Filtering by date range in SQL query

Question

I am unable to get the following code to work:

    // dd/mm/yyyy for dates in SQL queries
    $todayforw = date('d/m/Y');
    $aweekago  = date('d/m/Y', time() - 604800);

    $week_e_check = mysql_query("SELECT * FROM earningslog WHERE user_id = '".$info['id']."' WHERE day >='".$aweekago."' AND day <'".$todayforw."'");

    while ($week_e_info = mysql_fetch_array($week_e_check)) {
        $week_e = $week_e + $week_e_info['user_earnings_amnt'];
    }

The query returns zero rows, however, it should be returning data that matches the criteria.

Answer 1

Try change the format of your strings from from d/m/Y to Y-m-d.

MySQL might be expecting it year first. In which case it could be doing the wrong thing with d/m/Y.

Also don't use the WHERE clause twice. Instead, combine conditions using AND, eg:

WHERE      user_id = '".$info['id']."'
       AND day >='".$aweekago."'
       AND day <'".$todayforw."'

By the way, you can also try saying WHERE day BETWEEN ".$aweekago." AND ".$todayforw.", which might be easier syntax to read (as long as you change $todayforw to be the day before).

Answer 2

Your issue appears to be with your query syntax. You are stating WHERE twice, whereas you should only state it once and then use the AND or OR operators for further criteria. I would also suggest that you either move your statement into a variable or use die() to assist with debugging.

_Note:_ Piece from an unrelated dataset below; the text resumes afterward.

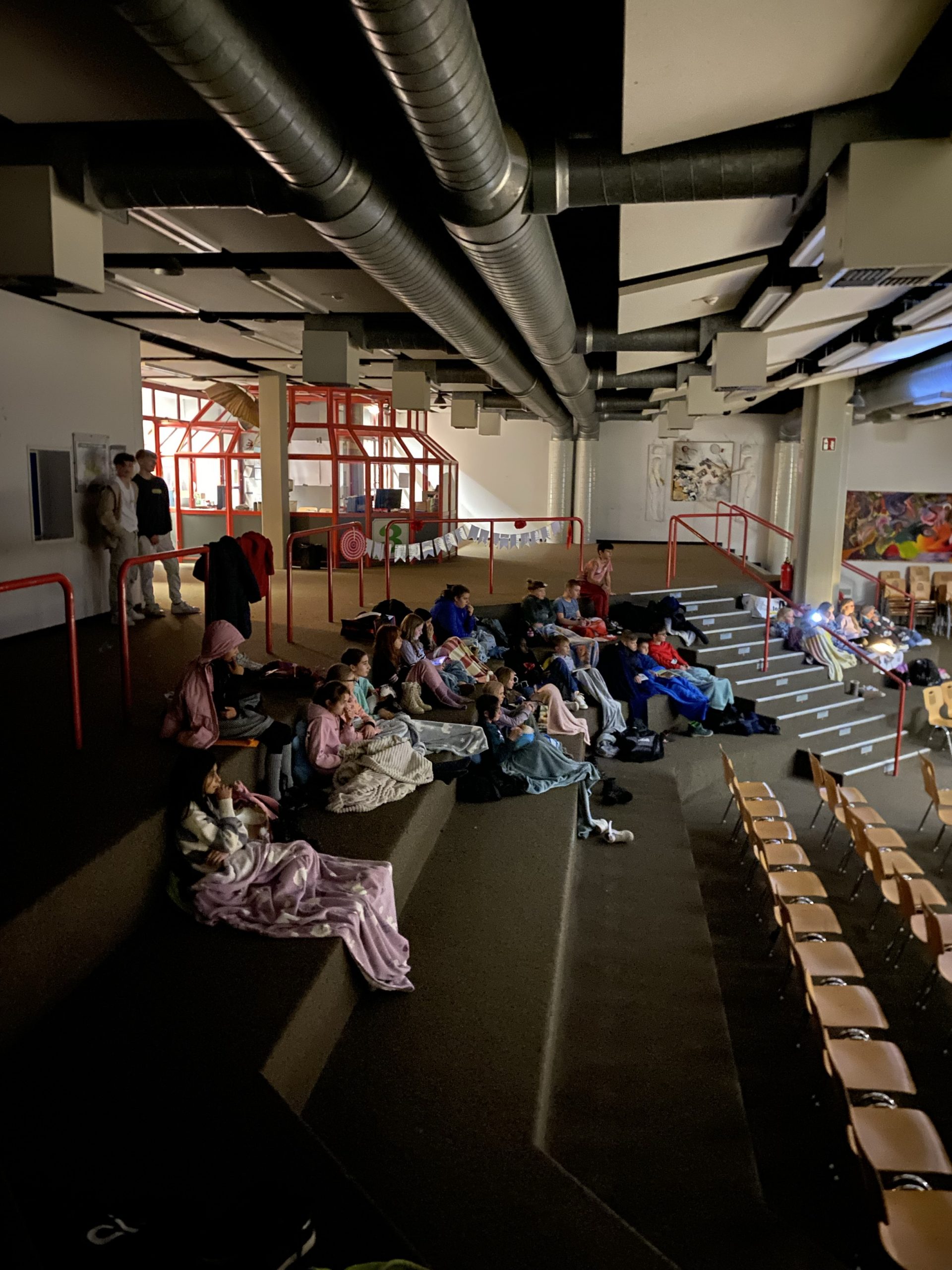 Eine Gruppe von fast 40 lesebegeisterten Kindern aus der 5. Klasse traf sich am Freitagabend um 17.30 Uhr in der Schule, um einen spannenden Leseabend zu erleben. Sie hatten alles dabei, was sie für gemütliche Lesestunden brauchten: Decken, Kissen, Kuscheltiere, Taschenlampen und natürlich gute Bücher. Die Fünftklässler*innen konnten zwischen verschiedenen Leseoptionen wählen: Sie konnten in ihren eigenen Büchern lesen, einem Hörspiel zuhören, Bücher tauschen oder sich von Zehntklässler*innen spannende und tolle Geschichten vorlesen lassen. Mit einer Tasse Kinderpunsch und einer Laugenbrezel genossen die Kinder zwischendurch auch eine kurze Lesepause.

 $week_e_check = mysql_query("SELECT * FROM earningslog WHERE user_id = '".$info['id']."' AND day >='".$aweekago."' AND day <'".$todayforw."'") or die(mysql_error()); 

In addition, you should not be using the mysql extension as use of this extension is discouraged. Instead, use the MySQLi or PDO_MySQL extension. Using one of these alternative extensions will help serve as the first step in preventing SQL injection. I would also suggest that you avoid using * and specify the column names to be returned instead.

Using PDO:

<?php

/* Execute a prepared statement by passing an array of values */
$sth = $dbh->prepare('SELECT * FROM earningslog WHERE user_id = ? AND day >= ? AND day < ?');
$sth->execute(array($info['id'], $aweekago, $todayforw));
$results = $sth->fetchAll();

?>

Answer 3

Take a closer look at your query:

  SELECT * FROM earningslog WHERE user_id = '".$info['id']."' WHERE day >='".$aweekago."' AND day <'".$todayforw."'"

Your Where clause appears twice.

Two things to think about - when you are selecting data, try and stay away from select * - you may get unexpected results of the table is ever modified.

Second, try and create the query as a parameterized query, instead of injecting the parameters directly into the where clause. By directly injecting your criteria the way you have, you are opening yourself up to a SQL injection attack.

By turning it into a parameterized query, you get the side benefit of being able to debug the queries directly against the database, reducing the amount of effort needed to copy it from a query tool into your code.

Answer 4

Check your date format:

Should be:

YYYY-mm-dd HH:mm:ss

E.G. 2012-01-01 00:00:00 (January 1, 2012 at midnight local time)

Other date formats MAY work, but the best way to go about it is to use the same format that MySQL uses when they display the date, that's the only way I know that works every time.

http://dev.mysql.com/doc/refman/5.5/en/date-and-time-functions.html

Also your syntax is incorrect, you have two wheres, you should use AND.